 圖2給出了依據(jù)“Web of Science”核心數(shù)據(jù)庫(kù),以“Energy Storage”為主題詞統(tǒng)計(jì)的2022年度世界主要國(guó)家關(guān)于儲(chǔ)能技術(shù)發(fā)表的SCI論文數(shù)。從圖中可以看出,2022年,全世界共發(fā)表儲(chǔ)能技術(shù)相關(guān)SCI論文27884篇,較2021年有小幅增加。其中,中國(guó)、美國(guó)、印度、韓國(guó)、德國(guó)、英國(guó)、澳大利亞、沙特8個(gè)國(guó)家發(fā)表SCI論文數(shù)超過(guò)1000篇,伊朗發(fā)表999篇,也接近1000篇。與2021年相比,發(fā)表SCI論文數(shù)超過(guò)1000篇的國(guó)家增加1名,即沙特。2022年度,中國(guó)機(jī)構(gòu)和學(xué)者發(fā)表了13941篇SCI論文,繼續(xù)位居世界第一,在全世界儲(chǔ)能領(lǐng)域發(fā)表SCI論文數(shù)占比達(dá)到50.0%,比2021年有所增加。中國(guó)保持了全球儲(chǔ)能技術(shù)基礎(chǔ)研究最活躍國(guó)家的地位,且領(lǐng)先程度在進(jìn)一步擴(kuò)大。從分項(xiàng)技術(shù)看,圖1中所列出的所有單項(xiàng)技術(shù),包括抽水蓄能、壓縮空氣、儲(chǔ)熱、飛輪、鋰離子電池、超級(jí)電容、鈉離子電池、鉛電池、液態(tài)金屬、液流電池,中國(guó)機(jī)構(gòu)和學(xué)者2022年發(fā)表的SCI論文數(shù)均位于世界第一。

· · · · · · ·

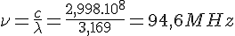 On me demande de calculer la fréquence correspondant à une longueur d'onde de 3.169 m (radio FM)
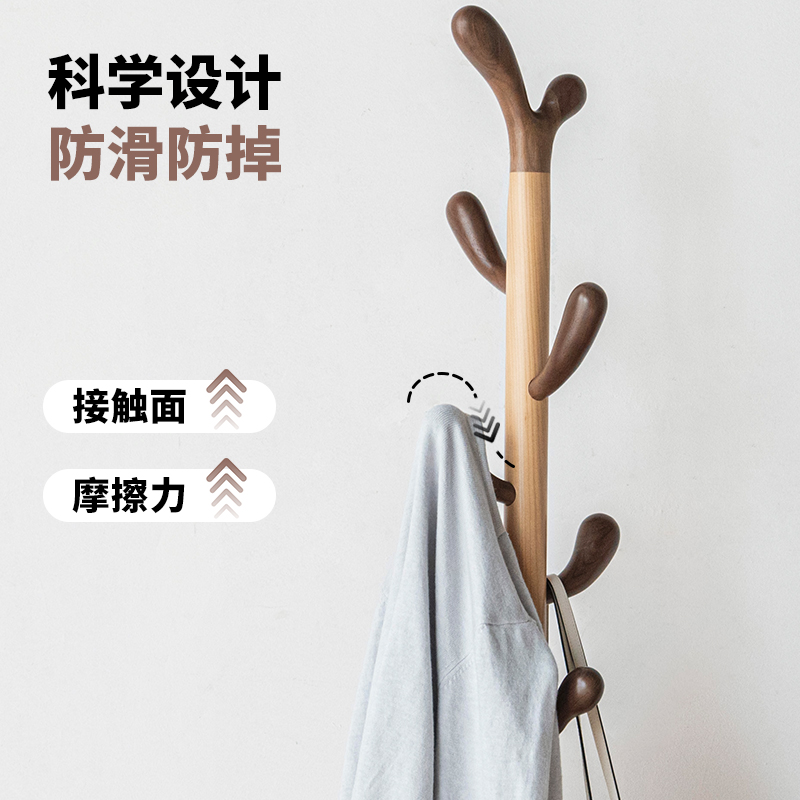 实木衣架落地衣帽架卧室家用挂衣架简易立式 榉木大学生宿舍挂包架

· · · · · · ·

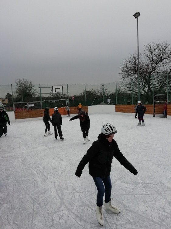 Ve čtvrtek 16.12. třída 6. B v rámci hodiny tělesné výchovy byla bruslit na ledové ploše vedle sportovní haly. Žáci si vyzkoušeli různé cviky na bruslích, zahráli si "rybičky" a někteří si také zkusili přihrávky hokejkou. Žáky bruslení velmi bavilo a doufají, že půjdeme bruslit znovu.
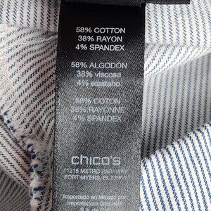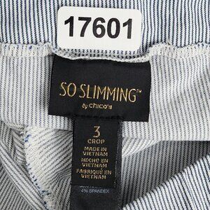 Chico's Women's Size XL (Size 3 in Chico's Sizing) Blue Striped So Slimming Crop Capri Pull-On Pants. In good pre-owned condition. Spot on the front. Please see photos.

· · · · · · ·

(What to work on) Transcribe exactly the lines above, beginning at the one with "On me demande" and going up to and including the one with "实木衣架落地衣帽架卧室家用挂衣架简易立式 榉木大学生宿舍挂包架". Pictures do not belong in the copy.

(Finished task)
 On me demande de calculer la fréquence correspondant à une longueur d'onde de 3.169 m (radio FM)
 实木衣架落地衣帽架卧室家用挂衣架简易立式 榉木大学生宿舍挂包架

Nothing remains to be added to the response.